At the moment Members of the House of Commons have far too limited an opportunity to intervene in the business of the House or even to intervene in the business of committees. It would, in my view, be a rational reform to reduce the number of Members to 450. When we abolish hereditary peerages in this House, it will be possible for us to reduce this House to a comparable number.

The second point I want to make may not come directly out of the Boundary Commission's report but I hope your Lordships will allow me to comment on the inadequacy of the register. It is absurd in these days of information technology that we have a register once a year only which takes a number of months to compile. It is then published and, some months later, it comes into effect and is not changed for another 12 months. It is perfectly possible these days to have a register in which corrections are made as they occur, as they would be on a valuation list, a rating list or a council tax list, and for them to be frozen when a general election is called. The effect of having an annual register rather than a rolling register together with the effect of the poll tax and the exclusion—to use the European Community word—of large parts of the population from their civic responsibilities is that if we compare the parliamentary roll with the local government roll and local government taxation records at least a million people—probably substantially more—are excluded from parliamentary voting. That is not a satisfactory basis for democracy. It ill becomes my saying so but as an individual who believes in parliamentary democracy, I hope that the House will forgive me for making that additional point.
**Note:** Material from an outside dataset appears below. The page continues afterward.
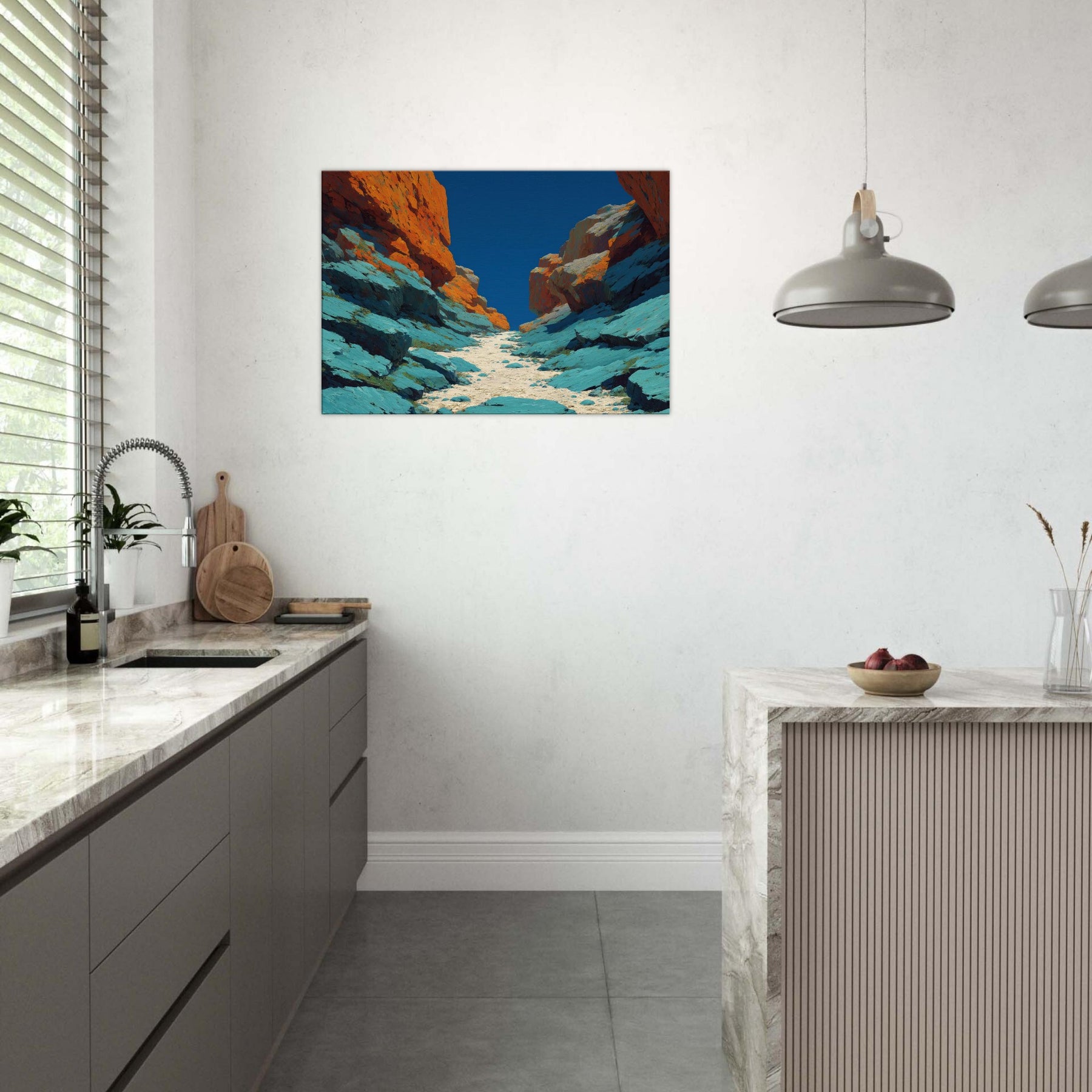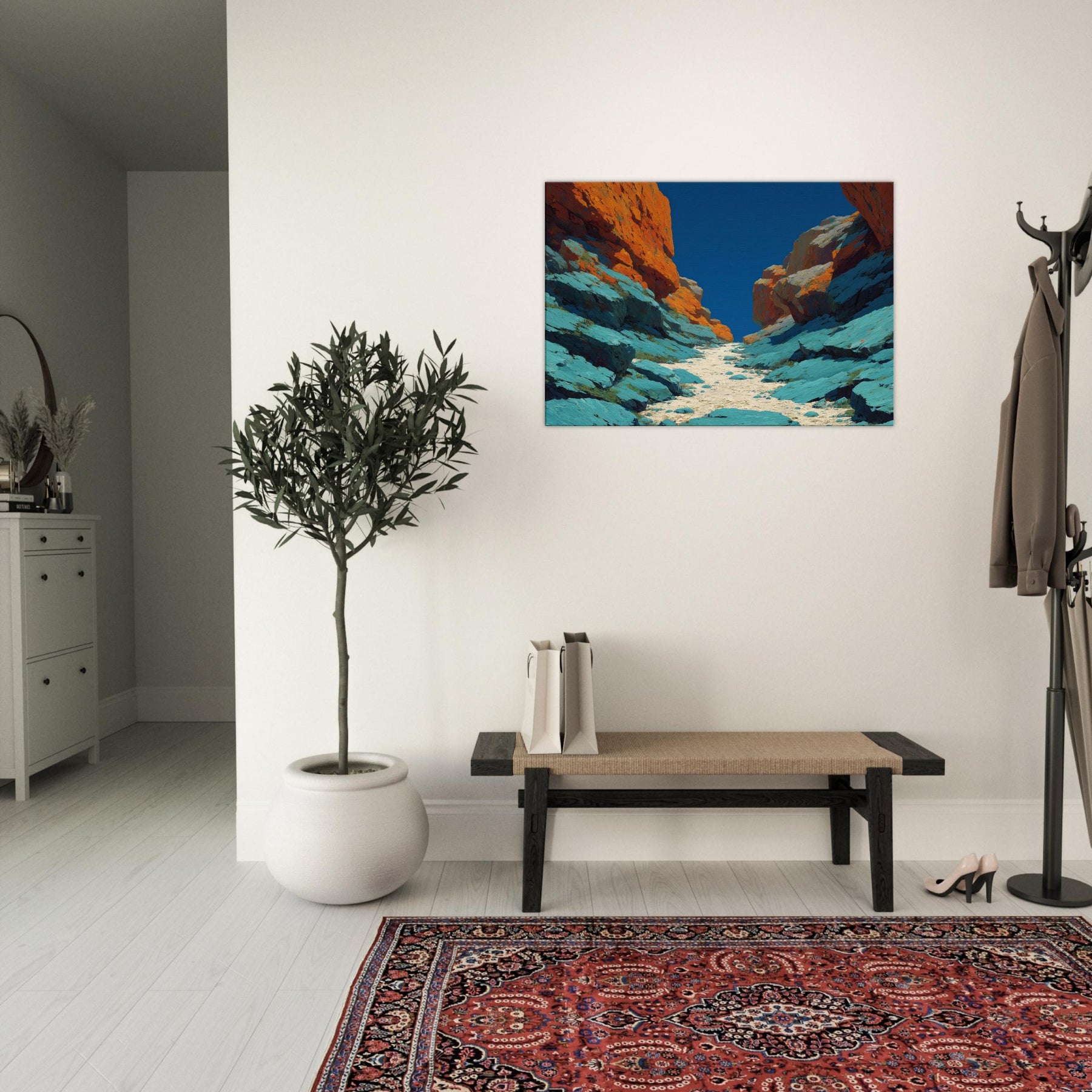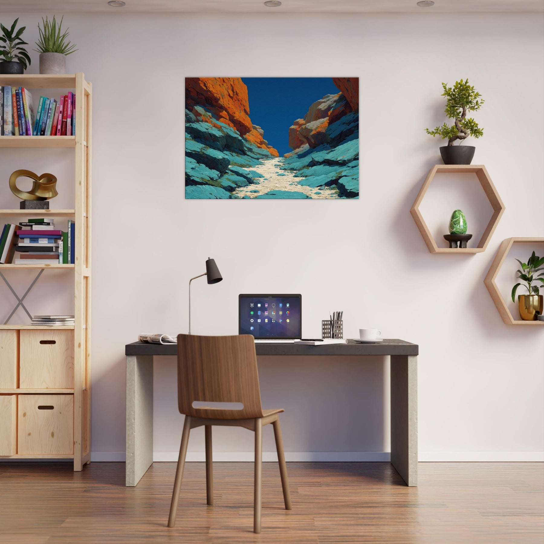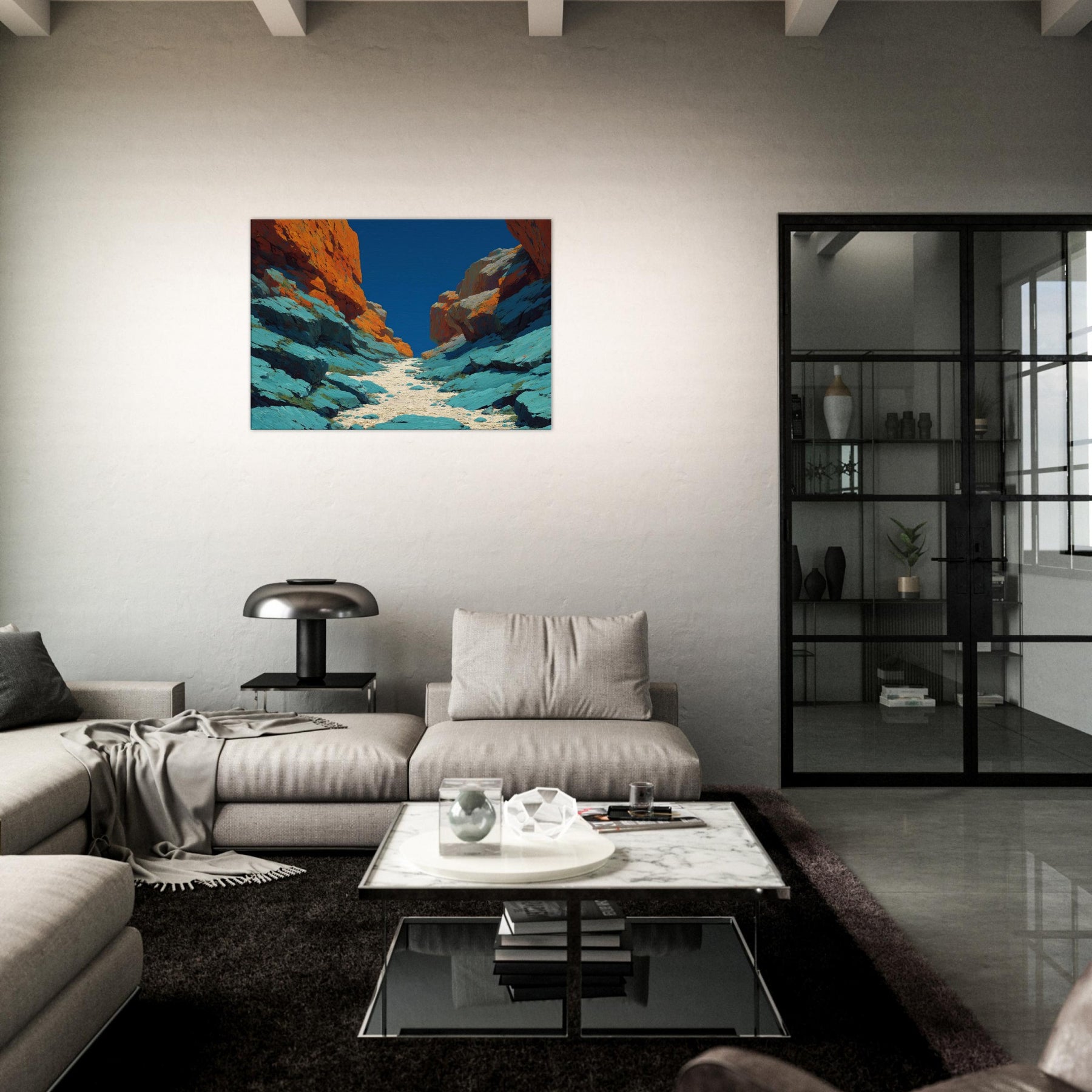 Step into a sunlit chasm where Canyon walls unfold in bold, mineral tones. This abstract hums with heat and quiet, inviting your space to breathe and dream. The turquoise crevices contrast with ember orange ridges, catching the light like a slow sunrise. The texture like strokes evoke weathered sandstone and shifting shadows, turning a wall into a doorway to the outdoors. Perfect for a living room or study, it frames conversation with nature’s grandeur while preserving a calm, sculptural elegance you can’t help but feel.

Lord Harris of Greenwich: My Lords, as the noble Lord, Lord McIntosh of Haringey, said, we are being invited to agree to an increase in the size of the House of Commons. We should ask ourselves what precisely is the case for a further increase in the number of Members of another place. As the noble Baroness said, when she referred to the Welsh and Scottish orders and the forthcoming order in relation to Northern Ireland, we are now talking about a House of Commons of 659 Members. That is by far the largest legislature among the advanced industrial democracies.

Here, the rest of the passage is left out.